#### [Work to be completed]
What lines in the following entries hold the word "include"? Copy each one.

[[ Task data open ]]

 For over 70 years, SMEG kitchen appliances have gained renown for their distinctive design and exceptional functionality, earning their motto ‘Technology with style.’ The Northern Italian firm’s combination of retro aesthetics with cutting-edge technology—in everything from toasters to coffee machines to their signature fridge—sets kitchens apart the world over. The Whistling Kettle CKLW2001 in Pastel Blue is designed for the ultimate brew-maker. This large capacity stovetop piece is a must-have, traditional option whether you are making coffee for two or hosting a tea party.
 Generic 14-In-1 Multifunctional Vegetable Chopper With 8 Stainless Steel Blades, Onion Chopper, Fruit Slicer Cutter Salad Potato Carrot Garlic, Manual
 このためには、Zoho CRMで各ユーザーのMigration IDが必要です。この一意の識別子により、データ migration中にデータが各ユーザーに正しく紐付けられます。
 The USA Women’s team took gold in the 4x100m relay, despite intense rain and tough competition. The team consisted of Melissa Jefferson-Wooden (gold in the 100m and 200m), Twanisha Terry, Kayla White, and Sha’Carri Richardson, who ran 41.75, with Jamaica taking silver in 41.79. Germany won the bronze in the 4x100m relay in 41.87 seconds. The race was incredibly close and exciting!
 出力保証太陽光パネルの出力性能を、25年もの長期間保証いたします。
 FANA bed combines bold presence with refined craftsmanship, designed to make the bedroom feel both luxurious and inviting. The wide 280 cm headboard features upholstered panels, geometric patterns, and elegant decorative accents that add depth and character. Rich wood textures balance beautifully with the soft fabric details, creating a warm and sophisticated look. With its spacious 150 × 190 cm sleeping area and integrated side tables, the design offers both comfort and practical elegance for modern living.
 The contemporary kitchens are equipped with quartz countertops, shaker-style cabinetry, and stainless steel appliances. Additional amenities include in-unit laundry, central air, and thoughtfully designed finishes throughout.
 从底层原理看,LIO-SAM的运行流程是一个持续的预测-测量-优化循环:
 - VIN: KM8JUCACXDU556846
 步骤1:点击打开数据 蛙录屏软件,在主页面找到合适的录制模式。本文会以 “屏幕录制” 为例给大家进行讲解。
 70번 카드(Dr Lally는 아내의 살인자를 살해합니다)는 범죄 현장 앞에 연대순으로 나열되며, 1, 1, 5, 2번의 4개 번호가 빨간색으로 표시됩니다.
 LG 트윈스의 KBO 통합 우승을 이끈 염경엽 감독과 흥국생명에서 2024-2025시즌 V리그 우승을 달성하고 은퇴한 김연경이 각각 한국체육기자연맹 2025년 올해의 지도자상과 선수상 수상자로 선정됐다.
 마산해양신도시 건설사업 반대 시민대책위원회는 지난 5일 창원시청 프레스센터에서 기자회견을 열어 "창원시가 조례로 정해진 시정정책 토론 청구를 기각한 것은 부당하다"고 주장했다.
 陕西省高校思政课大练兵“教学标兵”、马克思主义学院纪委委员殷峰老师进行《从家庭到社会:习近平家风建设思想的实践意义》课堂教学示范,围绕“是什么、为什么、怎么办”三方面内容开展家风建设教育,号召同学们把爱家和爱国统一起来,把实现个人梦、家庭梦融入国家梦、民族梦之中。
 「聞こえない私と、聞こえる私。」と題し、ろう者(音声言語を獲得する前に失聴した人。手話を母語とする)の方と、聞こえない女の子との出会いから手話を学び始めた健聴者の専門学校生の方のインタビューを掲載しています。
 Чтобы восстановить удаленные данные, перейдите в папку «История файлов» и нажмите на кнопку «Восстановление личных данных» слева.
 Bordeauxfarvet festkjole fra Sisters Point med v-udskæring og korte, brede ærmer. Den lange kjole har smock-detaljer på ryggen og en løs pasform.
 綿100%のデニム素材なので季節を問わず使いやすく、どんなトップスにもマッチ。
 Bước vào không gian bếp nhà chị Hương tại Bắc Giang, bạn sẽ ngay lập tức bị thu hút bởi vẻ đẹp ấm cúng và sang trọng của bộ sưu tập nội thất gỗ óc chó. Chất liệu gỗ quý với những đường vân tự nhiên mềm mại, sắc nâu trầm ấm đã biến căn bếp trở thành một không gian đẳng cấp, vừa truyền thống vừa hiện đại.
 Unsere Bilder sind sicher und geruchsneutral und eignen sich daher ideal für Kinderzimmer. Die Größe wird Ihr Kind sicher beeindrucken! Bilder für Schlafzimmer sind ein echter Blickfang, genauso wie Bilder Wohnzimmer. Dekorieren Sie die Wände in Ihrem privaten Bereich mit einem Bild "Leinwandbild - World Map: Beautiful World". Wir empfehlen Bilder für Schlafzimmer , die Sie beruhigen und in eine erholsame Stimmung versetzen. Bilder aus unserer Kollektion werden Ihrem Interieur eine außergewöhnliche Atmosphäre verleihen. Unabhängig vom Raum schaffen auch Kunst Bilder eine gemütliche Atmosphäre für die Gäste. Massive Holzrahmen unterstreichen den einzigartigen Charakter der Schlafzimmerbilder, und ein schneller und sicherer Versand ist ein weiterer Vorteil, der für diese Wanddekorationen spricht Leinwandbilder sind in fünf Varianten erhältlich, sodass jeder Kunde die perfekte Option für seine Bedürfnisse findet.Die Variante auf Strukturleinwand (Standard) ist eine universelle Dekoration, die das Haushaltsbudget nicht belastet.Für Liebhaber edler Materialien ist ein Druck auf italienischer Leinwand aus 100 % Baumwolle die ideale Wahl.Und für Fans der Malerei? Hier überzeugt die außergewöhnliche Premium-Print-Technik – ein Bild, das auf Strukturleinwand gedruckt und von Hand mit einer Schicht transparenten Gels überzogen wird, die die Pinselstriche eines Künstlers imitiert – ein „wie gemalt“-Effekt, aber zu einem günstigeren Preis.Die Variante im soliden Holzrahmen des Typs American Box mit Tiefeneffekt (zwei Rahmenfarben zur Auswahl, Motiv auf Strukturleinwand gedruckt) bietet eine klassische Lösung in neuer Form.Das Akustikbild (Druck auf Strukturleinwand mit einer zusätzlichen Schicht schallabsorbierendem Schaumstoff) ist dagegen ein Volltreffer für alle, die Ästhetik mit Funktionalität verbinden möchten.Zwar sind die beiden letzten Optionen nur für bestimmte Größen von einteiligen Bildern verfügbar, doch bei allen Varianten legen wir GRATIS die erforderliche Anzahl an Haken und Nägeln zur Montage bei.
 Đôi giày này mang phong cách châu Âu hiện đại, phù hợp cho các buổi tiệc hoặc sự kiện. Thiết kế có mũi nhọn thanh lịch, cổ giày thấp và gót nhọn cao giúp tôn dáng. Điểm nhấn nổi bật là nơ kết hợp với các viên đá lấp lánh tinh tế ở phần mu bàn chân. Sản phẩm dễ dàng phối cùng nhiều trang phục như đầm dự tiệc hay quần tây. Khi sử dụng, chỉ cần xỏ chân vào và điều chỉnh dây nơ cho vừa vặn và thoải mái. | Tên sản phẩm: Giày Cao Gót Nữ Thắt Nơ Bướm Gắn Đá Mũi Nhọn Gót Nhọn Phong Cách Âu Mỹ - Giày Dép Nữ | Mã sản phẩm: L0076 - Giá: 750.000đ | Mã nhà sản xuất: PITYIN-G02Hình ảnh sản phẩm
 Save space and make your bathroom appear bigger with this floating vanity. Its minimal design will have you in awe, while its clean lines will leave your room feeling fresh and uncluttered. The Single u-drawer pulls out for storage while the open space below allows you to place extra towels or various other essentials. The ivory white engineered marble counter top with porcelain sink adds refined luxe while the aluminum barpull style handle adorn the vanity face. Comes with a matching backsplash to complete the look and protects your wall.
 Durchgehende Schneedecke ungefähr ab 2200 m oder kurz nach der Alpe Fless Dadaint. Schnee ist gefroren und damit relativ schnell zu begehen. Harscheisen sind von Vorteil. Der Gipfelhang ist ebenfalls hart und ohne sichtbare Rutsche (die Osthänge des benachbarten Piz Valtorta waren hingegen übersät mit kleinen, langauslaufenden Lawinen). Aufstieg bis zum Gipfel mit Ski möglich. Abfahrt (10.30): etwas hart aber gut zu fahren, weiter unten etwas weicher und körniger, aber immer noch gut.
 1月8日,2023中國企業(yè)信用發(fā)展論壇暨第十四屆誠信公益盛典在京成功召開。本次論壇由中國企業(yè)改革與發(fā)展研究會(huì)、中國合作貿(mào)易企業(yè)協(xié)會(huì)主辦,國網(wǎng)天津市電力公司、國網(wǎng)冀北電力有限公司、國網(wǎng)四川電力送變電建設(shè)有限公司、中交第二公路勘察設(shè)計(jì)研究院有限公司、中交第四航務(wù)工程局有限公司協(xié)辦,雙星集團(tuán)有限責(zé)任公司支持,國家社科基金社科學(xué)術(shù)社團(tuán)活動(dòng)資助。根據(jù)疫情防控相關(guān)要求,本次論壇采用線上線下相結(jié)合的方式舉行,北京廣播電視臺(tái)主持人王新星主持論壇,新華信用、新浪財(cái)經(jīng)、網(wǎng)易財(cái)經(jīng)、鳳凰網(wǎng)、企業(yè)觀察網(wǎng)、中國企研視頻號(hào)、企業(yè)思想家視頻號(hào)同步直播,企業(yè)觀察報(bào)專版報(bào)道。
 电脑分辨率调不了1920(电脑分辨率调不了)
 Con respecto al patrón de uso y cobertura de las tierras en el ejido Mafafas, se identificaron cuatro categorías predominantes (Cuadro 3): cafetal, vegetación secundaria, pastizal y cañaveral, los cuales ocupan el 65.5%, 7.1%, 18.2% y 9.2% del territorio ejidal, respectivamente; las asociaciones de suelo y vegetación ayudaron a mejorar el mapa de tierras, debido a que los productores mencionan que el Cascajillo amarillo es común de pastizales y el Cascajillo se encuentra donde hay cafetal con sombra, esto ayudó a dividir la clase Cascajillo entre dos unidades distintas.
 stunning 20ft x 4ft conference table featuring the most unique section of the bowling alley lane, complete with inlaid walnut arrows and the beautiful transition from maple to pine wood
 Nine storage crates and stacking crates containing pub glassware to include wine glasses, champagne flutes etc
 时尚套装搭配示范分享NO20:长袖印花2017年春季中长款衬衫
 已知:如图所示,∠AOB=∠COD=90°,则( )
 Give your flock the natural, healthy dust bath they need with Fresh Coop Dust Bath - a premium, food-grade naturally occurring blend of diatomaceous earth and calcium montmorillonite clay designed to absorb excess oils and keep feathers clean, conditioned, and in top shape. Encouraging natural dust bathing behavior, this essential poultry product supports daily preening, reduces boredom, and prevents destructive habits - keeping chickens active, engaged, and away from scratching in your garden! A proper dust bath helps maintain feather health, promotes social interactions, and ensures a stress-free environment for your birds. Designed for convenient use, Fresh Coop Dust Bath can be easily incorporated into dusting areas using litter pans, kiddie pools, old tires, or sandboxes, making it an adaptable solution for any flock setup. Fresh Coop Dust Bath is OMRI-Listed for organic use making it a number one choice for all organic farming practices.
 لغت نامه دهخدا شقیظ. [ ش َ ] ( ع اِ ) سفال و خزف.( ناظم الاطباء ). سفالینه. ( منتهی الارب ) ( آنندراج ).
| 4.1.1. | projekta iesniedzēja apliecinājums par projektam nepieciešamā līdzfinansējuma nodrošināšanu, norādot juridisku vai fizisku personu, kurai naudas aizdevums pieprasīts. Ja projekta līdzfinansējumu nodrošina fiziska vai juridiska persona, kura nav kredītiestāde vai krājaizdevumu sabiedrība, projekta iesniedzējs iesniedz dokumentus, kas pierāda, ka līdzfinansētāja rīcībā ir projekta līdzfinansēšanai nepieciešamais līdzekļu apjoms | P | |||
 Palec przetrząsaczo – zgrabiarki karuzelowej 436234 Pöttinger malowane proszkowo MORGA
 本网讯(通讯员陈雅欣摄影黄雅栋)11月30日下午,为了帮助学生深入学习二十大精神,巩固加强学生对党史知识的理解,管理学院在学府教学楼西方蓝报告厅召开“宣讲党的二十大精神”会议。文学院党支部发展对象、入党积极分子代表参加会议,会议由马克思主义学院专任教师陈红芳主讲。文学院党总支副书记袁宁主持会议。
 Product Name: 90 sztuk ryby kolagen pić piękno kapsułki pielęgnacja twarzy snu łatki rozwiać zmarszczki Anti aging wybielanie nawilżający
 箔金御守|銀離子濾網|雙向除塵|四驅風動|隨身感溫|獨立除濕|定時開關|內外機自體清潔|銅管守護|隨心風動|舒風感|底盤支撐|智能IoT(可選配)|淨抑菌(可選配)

[[ Task data closed ]]

#### [Solution for this problem]
 The contemporary kitchens are equipped with quartz countertops, shaker-style cabinetry, and stainless steel appliances. Additional amenities include in-unit laundry, central air, and thoughtfully designed finishes throughout.
 Nine storage crates and stacking crates containing pub glassware to include wine glasses, champagne flutes etc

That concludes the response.